◆ Aim of the exercise ◆
Exactly as written, set down the lines from the top of the entries through the line bearing "Combustibility of RTV", with every picture left out.

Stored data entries

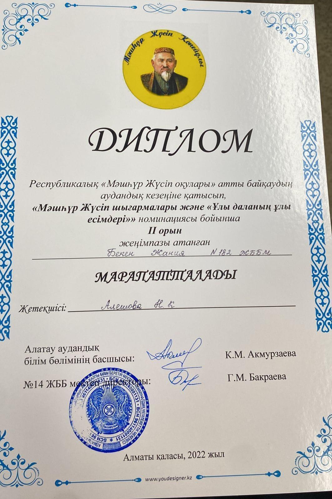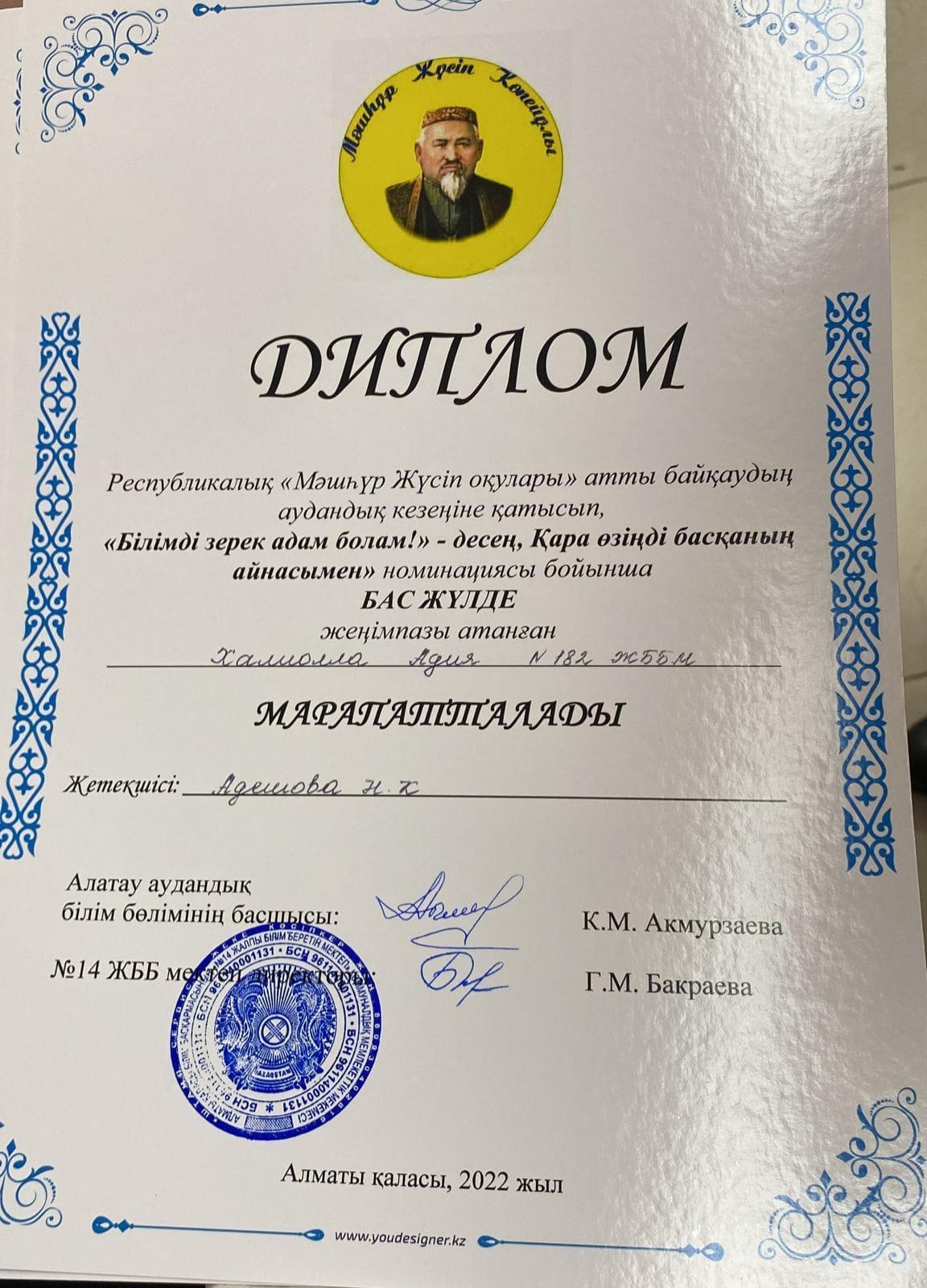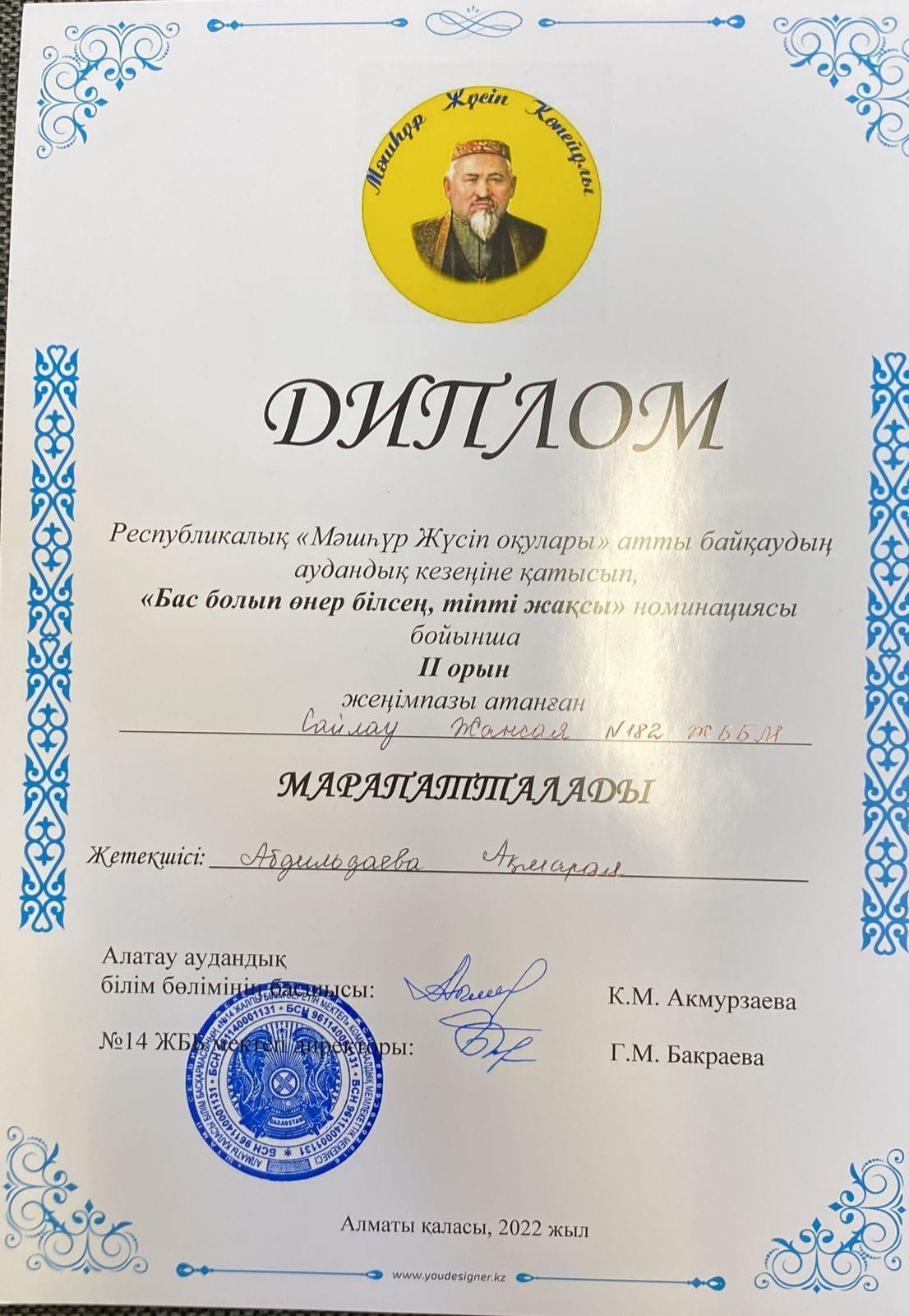 Республикалық "Мәшһүр Жүсіп оқулары" атты байқаудың аудандық кезеңіне қатысып, "Білімді зерек адам болам!"-десең, Қара сөзіңді басқаның айнасымен" номинациясы бойынша мектебіміз оқушылары Халиолла Адия Бас жүлдеге, "Мәшһүр Жүсіп шығармалары" және "Ұлы даланың ұлы есімдері" номинациясы бойынша Бекен Жания ІІ орынға, "Бас болып өнер білсең, тіпті жақсы" номинациясы бойынша Сайлау Жансая ІІ орынға ие болды. Жетекшісі Адешова Н.Қ. Құттықтаймыз!
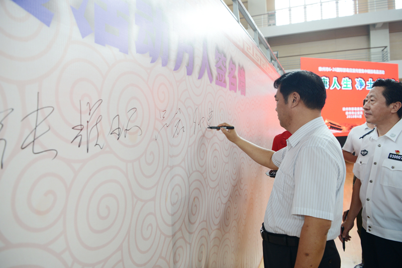 活动中,韩冬梅在讲话中简单总结了近年来徐州禁毒战线的显著成果,指出开展集中教育和销毁毒品行动的重大意义,她希望通过全社会共同努力,提升禁毒工作成效,消除毒品危害,确保社会治安稳定、人民安居乐业。与会人员集中观看了禁毒宣传片和毒品集中销毁现场直播,依次在“健康人生,净土彭城”万人签名墙上签名,并参观了禁毒书画摄影展。
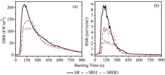 Combustibility of RTV samples (a) heat release rate (HRR) and (b) rate of release of smoke (RSR).
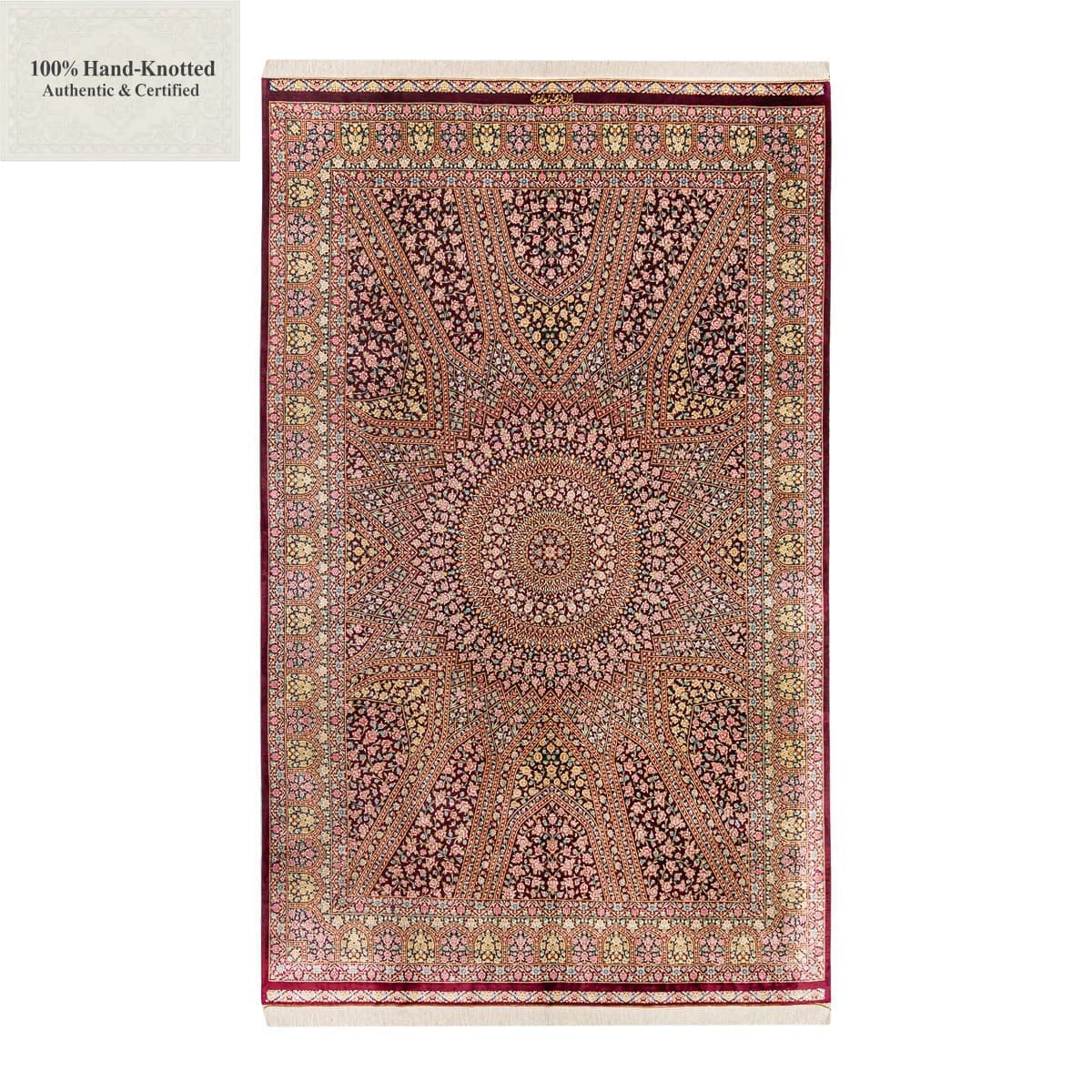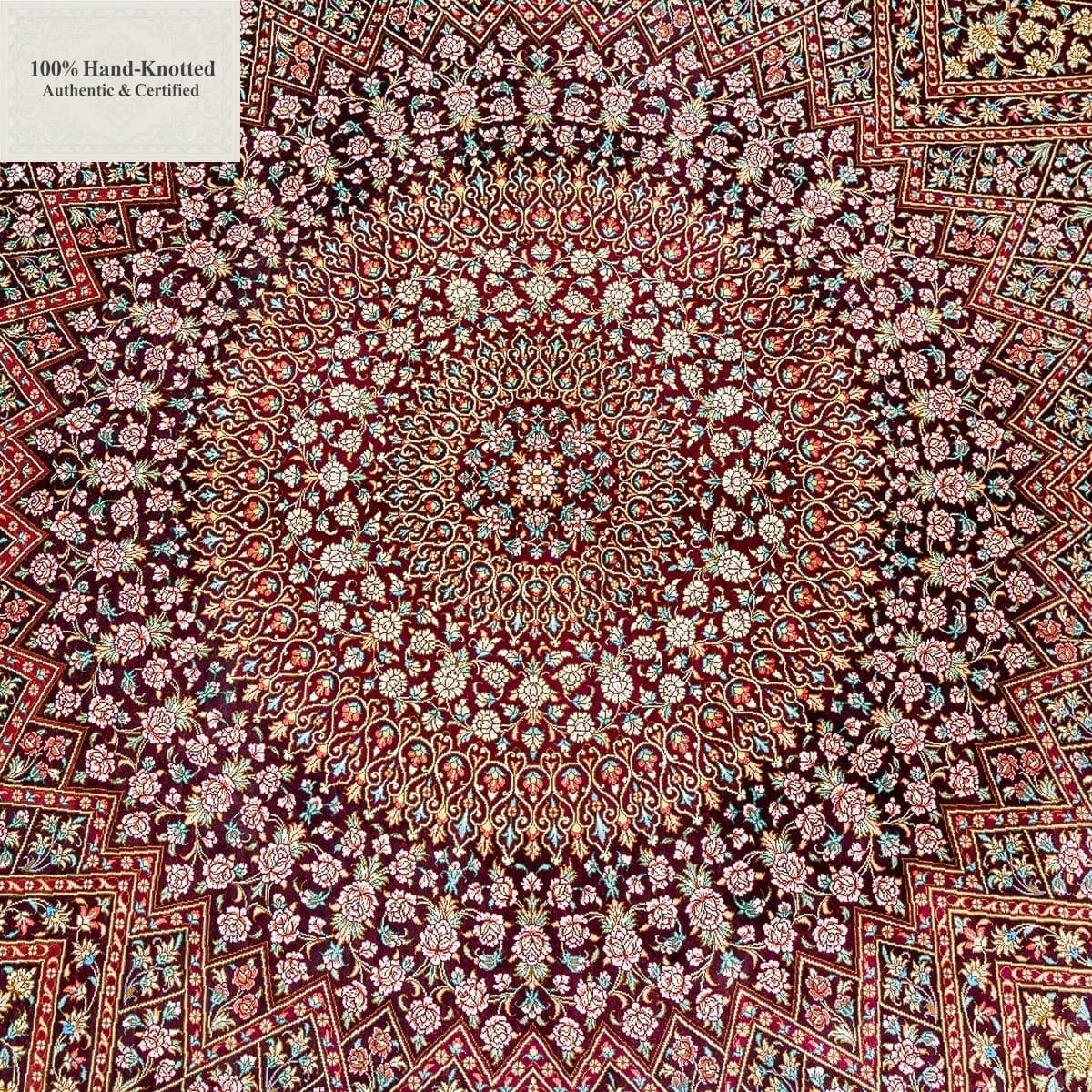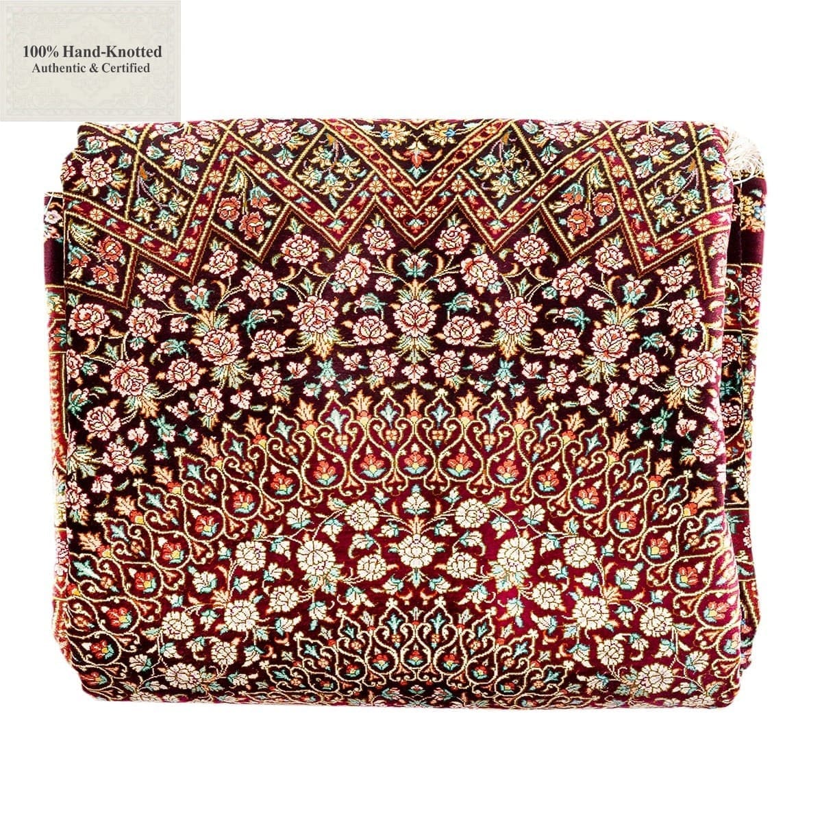 Dieser Teppich ist handgeknüpft. Das Material besteht vollständig aus Seide. Flor, Kette (Kettfaden) und Schuss (Schussfaden) sind aus Seide gefertigt. Die Feinheit wird mit 80 Raj angegeben, was einer Knotendichte von (ca. 1.200.000 Knoten / m²) entspricht. Das Design wird als „Gonbad“ angegeben.
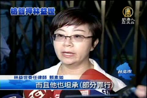 【新唐人亞太台2012年7月2日訊】前行政院秘書長林益世,涉嫌收賄貪污,昨天(1日)下午,林益世與彭愛佳夫妻兩人,遭特偵組約談到案,檢方漏夜偵訊,今天(2日)凌晨4點,林益世認罪,遭特偵組以涉嫌貪污罪,有串證滅證,且為5年以上重罪為由,向台北地方法院提起羈押聲請。
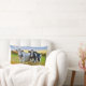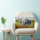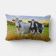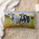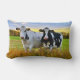 Als je van koeien houdt, dan is dit kussen zeker een hit met je. Het beschikt over een afbeelding van een paar zwarte en witte Holstein zuivel koeien in een kleurrijke herfstweide met een grijs en geel vroeg avond bewolkte lucht boven.
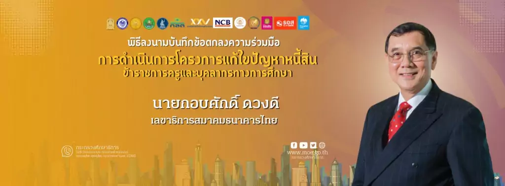 สมาคมธนาคารไทย และสมาคมสถาบันการเงินของรัฐ บูรณาการและประสานความร่วมมือกับ ศธ. ในการจัดกิจกรรมตามโครงการแก้ไขปัญหาหนี้สินครูและบุคลากรทางการศึกษา
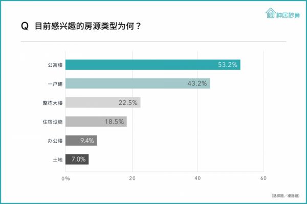 「最有兴趣投资的房产类型」回答的占比如下,「公寓、大楼」为53.2%、「一户建」为43.2%、「整栋大楼」为22.5%、「商用住宿设施」18.5为%、「办公大楼、店舖」为9.4%。延续去年的结果,「公寓、大楼」持续为投资人的首选。除此之外,回答「商用住宿设施」的占比则较去年增加。
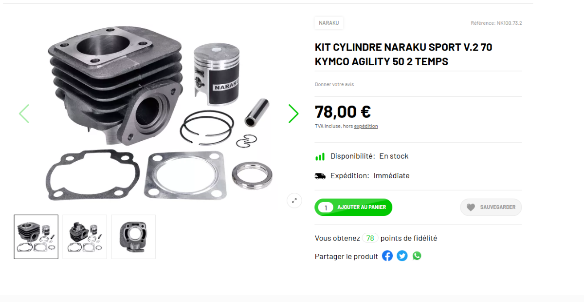 je voudrais voire que me proposer comme kit 70 ? car je regarde mes je ne trouve même pas le vilebrequin pour kymco naked
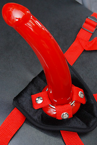 情熱的な真っ赤なペニスバンドです。当店で使用されている定番のペニスバンド「スタンドバイミー」よりも太めですが、素材が柔らかいので怖がらないで一度お試し頂きたいアイテムです。
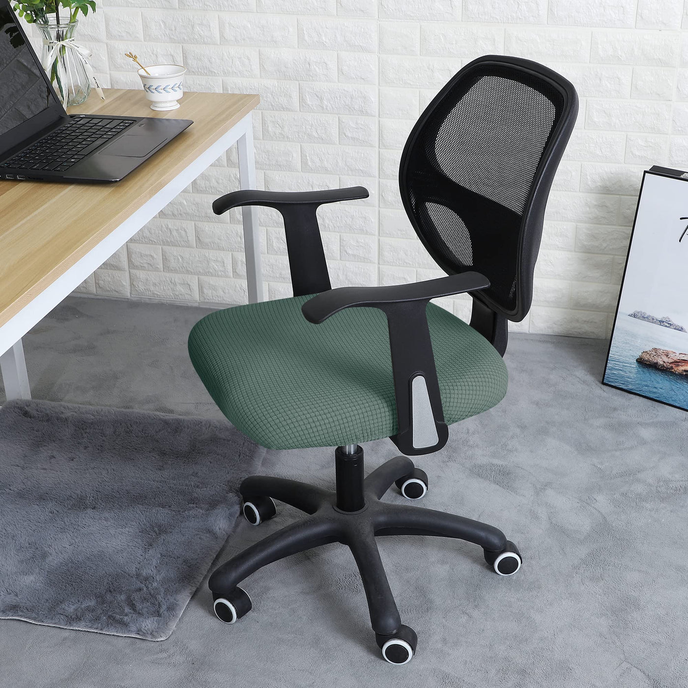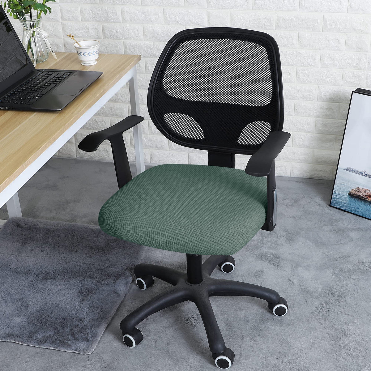 Forcheer Office Desk Chair Seat Covers Water Resistant Jacquard Computer Chair Seat Cushion Slipcovers-Laurel Green
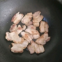 After cutting, you can fry in the pan, because the time is tight, so I fry it directly in a pan, when there is enough time, I like to use a special charcoal pan for roasting pork belly to bake, the pot is a raised pot with an oil pan on the side, which is very convenient but needs to burn charcoal is too time-consuming. There is no need to put oil in a pan for frying, because it will fry a lot of oil, and the frying oil should be poured out in time, and it can be poured into a bowl for later use, which is a good lard.
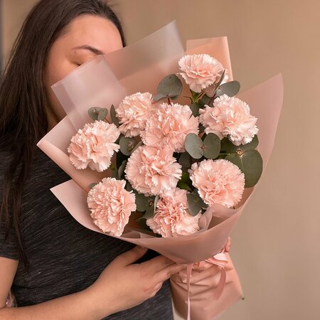 Элегантный монобукет из нежных кремовых гвоздик (диантусов), украшенный веточками эвкалипта, - идеальный комплимент для особого случая. Нежный оттенок цветов добавляет романтичности, а утонченное сочетание гвоздики и эвкалипта придает букету изысканность. Прекрасный выбор для выражения своих чувств и пожеланий, этот букет станет прекрасным украшением и приятным сюрпризом для вашего близкого человека. К каждому букету мы прикладываем фирменный конверт, в котором находятся: инструкция по уходу за букетом пакетик с подкормкой сладкий подарок
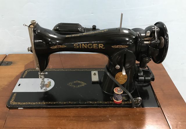 937 Mahogany Single Sewing Cabinet with Singer Sewing Machine

◆ Exercise solution ◆
 Республикалық "Мәшһүр Жүсіп оқулары" атты байқаудың аудандық кезеңіне қатысып, "Білімді зерек адам болам!"-десең, Қара сөзіңді басқаның айнасымен" номинациясы бойынша мектебіміз оқушылары Халиолла Адия Бас жүлдеге, "Мәшһүр Жүсіп шығармалары" және "Ұлы даланың ұлы есімдері" номинациясы бойынша Бекен Жания ІІ орынға, "Бас болып өнер білсең, тіпті жақсы" номинациясы бойынша Сайлау Жансая ІІ орынға ие болды. Жетекшісі Адешова Н.Қ. Құттықтаймыз!
 活动中,韩冬梅在讲话中简单总结了近年来徐州禁毒战线的显著成果,指出开展集中教育和销毁毒品行动的重大意义,她希望通过全社会共同努力,提升禁毒工作成效,消除毒品危害,确保社会治安稳定、人民安居乐业。与会人员集中观看了禁毒宣传片和毒品集中销毁现场直播,依次在“健康人生,净土彭城”万人签名墙上签名,并参观了禁毒书画摄影展。
 Combustibility of RTV samples (a) heat release rate (HRR) and (b) rate of release of smoke (RSR).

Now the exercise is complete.